* What you should do
Could you transcribe all of the data exactly and skip any pictures?

Top of Data excerpt

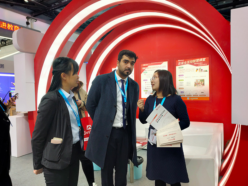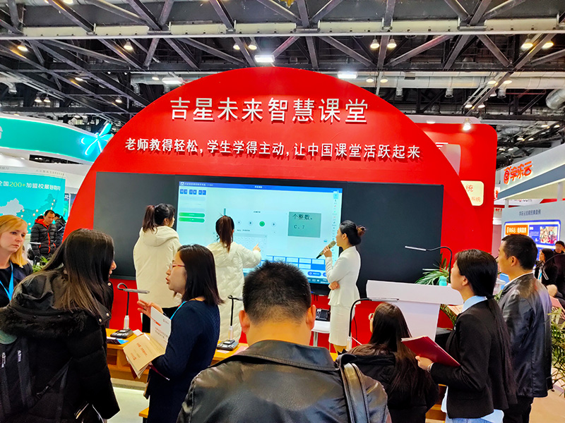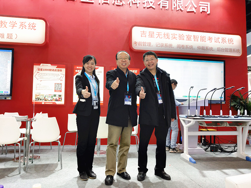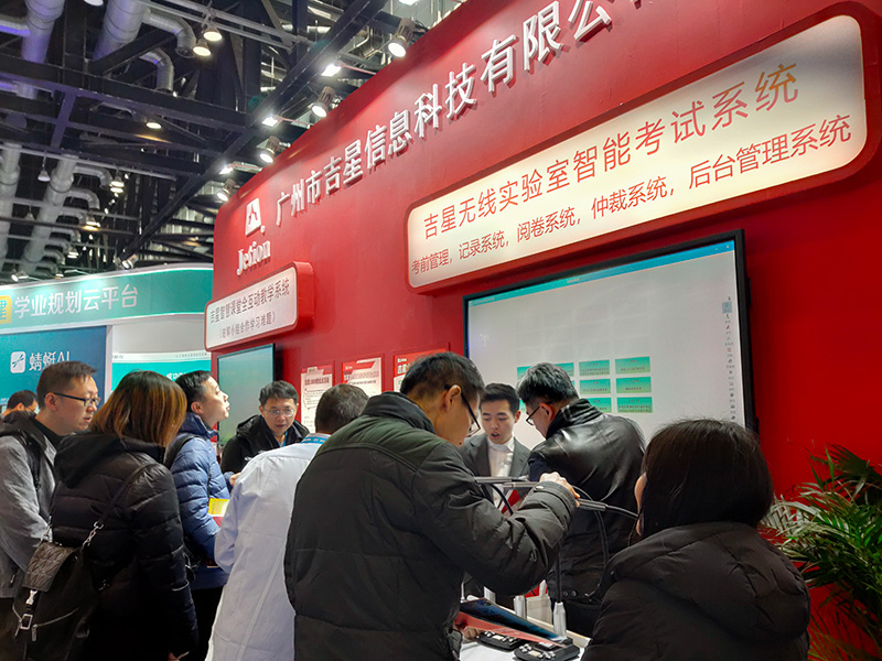 其中,吉星的全互動智慧課堂與實驗室智能考試系統備受大家歡迎,展區人潮涌動,眾多學校、經銷商現場申報試用。
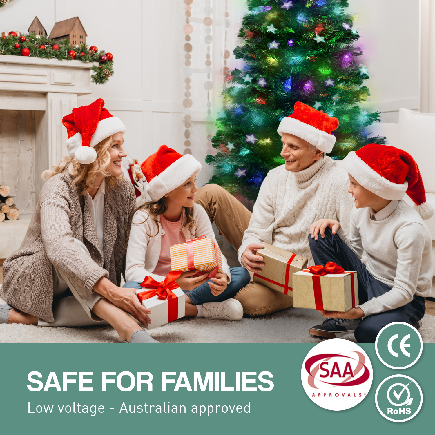 This fibre optic Christmas tree creates a stunning holiday display with multicoloured twinkling lights, built-in star ornaments, and a star tree topper. It is designed to be easy to assemble and disassemble, making storage simple for future seasons. The tree provides ample space for ornaments and decorations, making it an ideal centerpiece for festive celebrations.
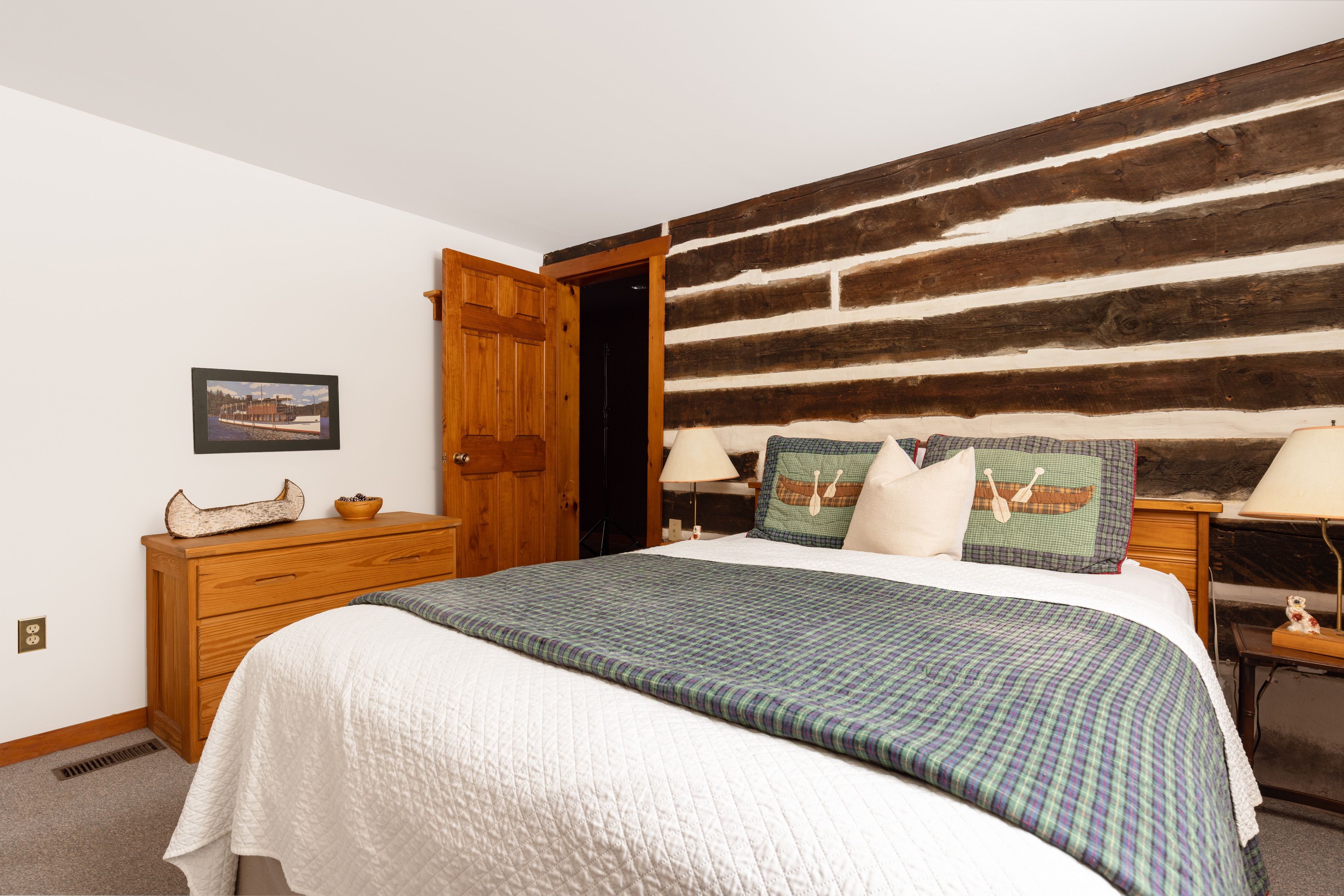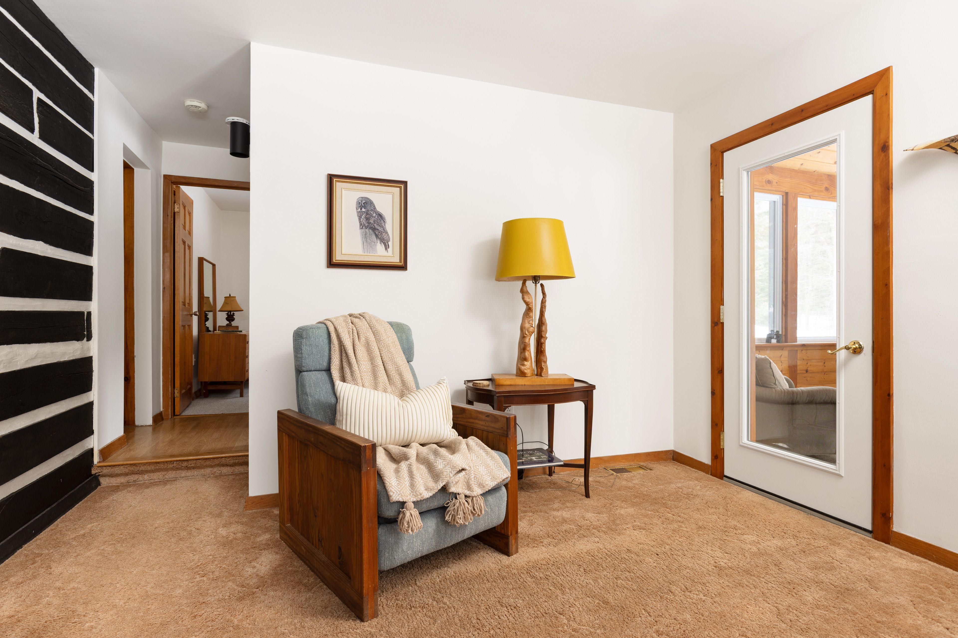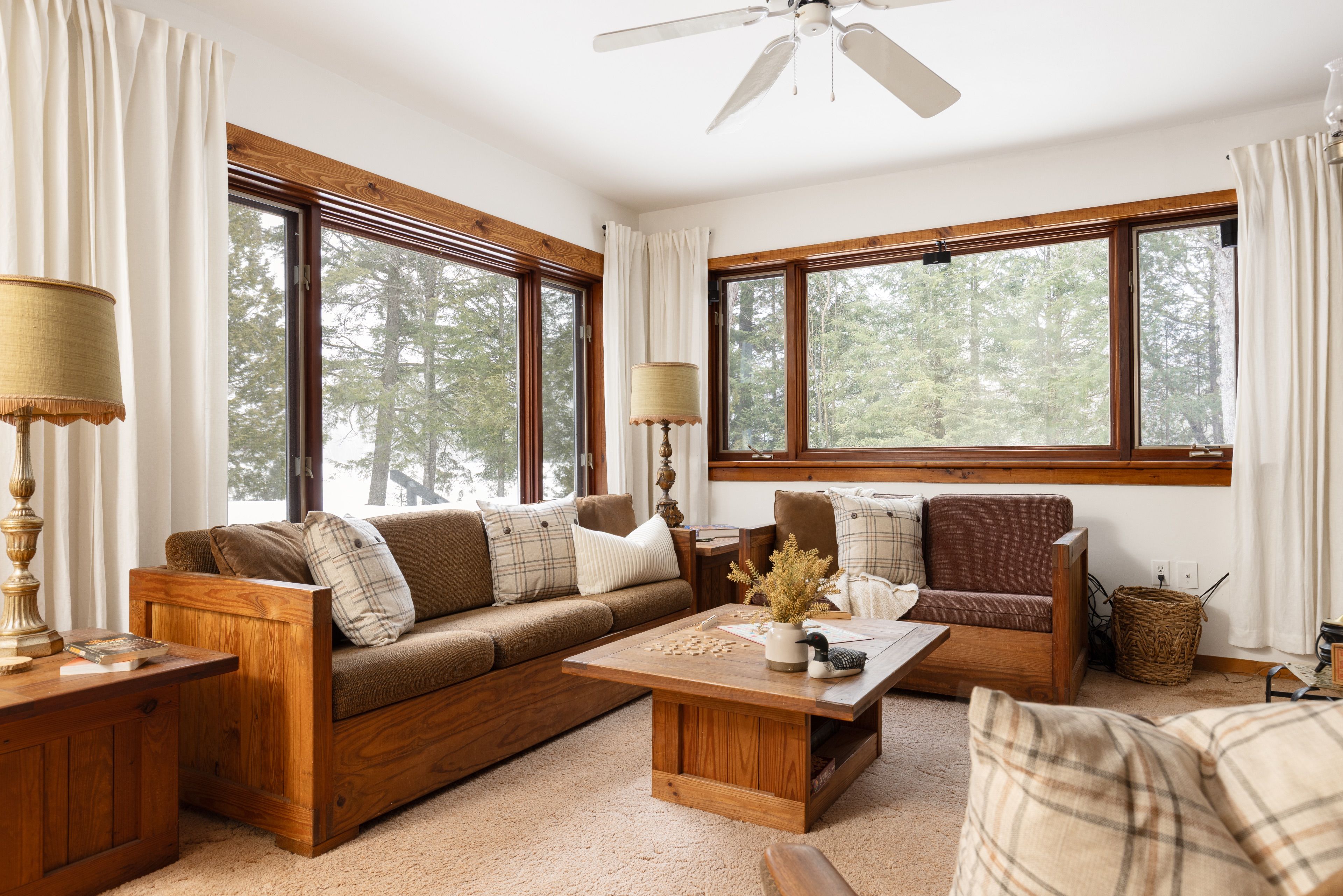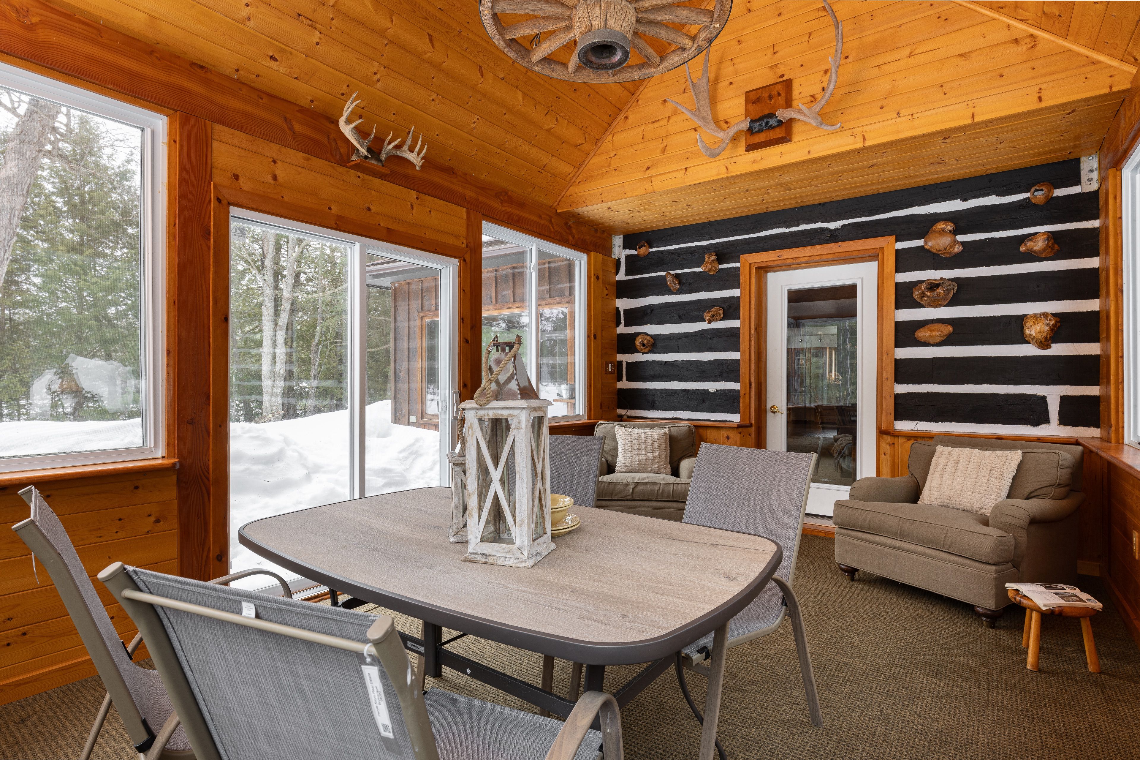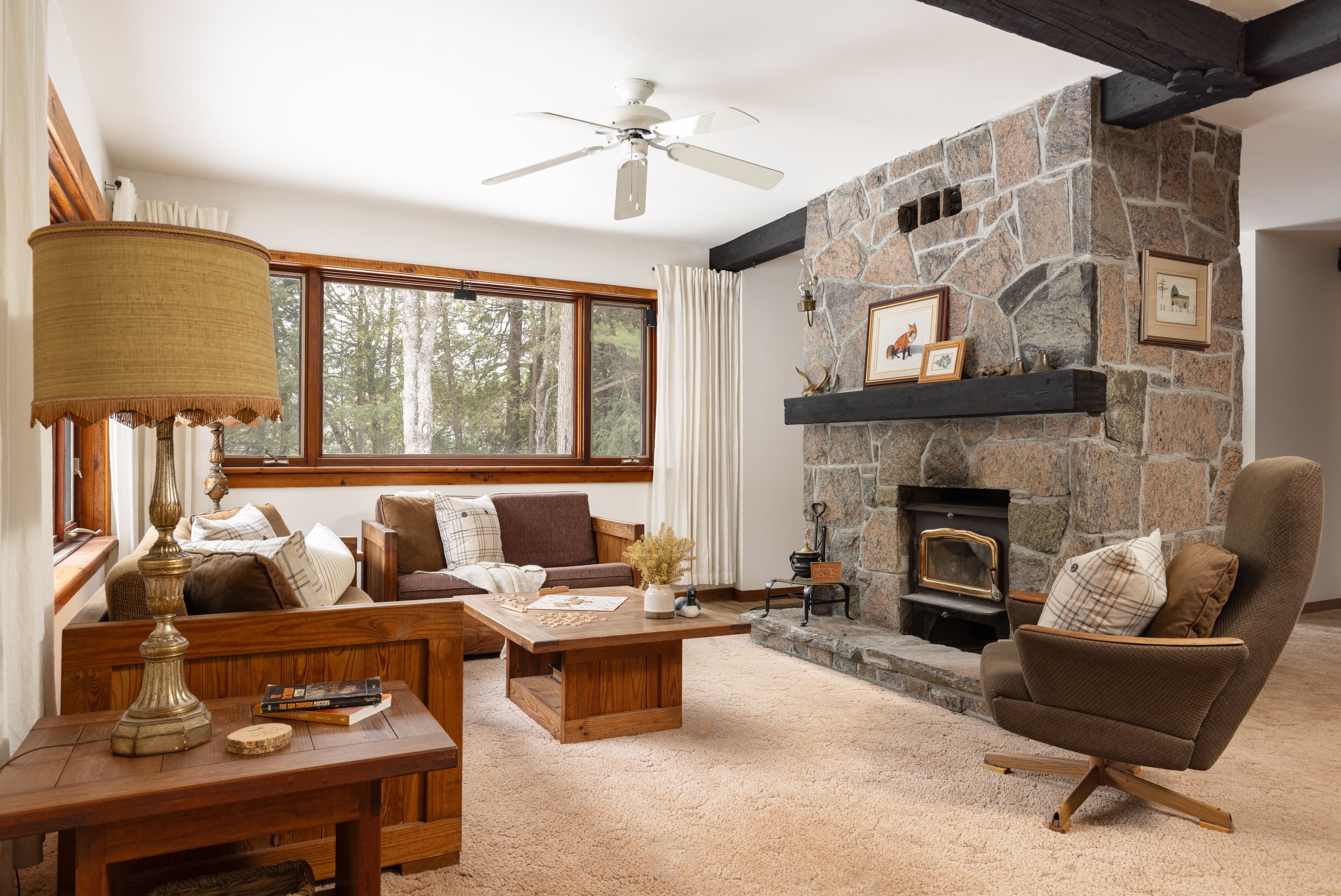 • Cozy living space with a stone fireplace and large windows.
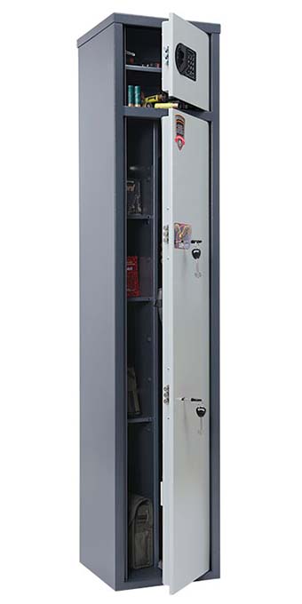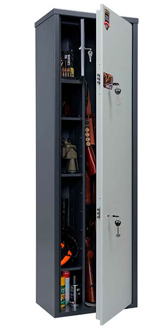 Оружейные сейфы и шкафы: Для частных лиц и организаций, владеющих гражданским или служебным оружием, покупка оружейного сейфа — необходимость, продиктованная требованиями закона. Ст. 59 Постановления правительства РФ 814 от 21 июля 1998 г регламентирует место хранения оружия и патронов: «Принадлежащие гражданам Российской Федерации оружие и патроны должны храниться по месту их жительства с соблюдением условий, обеспечивающих их сохранность, безопасность хранения и исключающих доступ к ним посторонних лиц, в запирающихся на замок (замки) сейфах, сейфовых шкафах или металлических шкафах для хранения оружия.

Bottom of Data excerpt

* Output for this exercise
 其中,吉星的全互動智慧課堂與實驗室智能考試系統備受大家歡迎,展區人潮涌動,眾多學校、經銷商現場申報試用。
 This fibre optic Christmas tree creates a stunning holiday display with multicoloured twinkling lights, built-in star ornaments, and a star tree topper. It is designed to be easy to assemble and disassemble, making storage simple for future seasons. The tree provides ample space for ornaments and decorations, making it an ideal centerpiece for festive celebrations.
 • Cozy living space with a stone fireplace and large windows.
 Оружейные сейфы и шкафы: Для частных лиц и организаций, владеющих гражданским или служебным оружием, покупка оружейного сейфа — необходимость, продиктованная требованиями закона. Ст. 59 Постановления правительства РФ 814 от 21 июля 1998 г регламентирует место хранения оружия и патронов: «Принадлежащие гражданам Российской Федерации оружие и патроны должны храниться по месту их жительства с соблюдением условий, обеспечивающих их сохранность, безопасность хранения и исключающих доступ к ним посторонних лиц, в запирающихся на замок (замки) сейфах, сейфовых шкафах или металлических шкафах для хранения оружия.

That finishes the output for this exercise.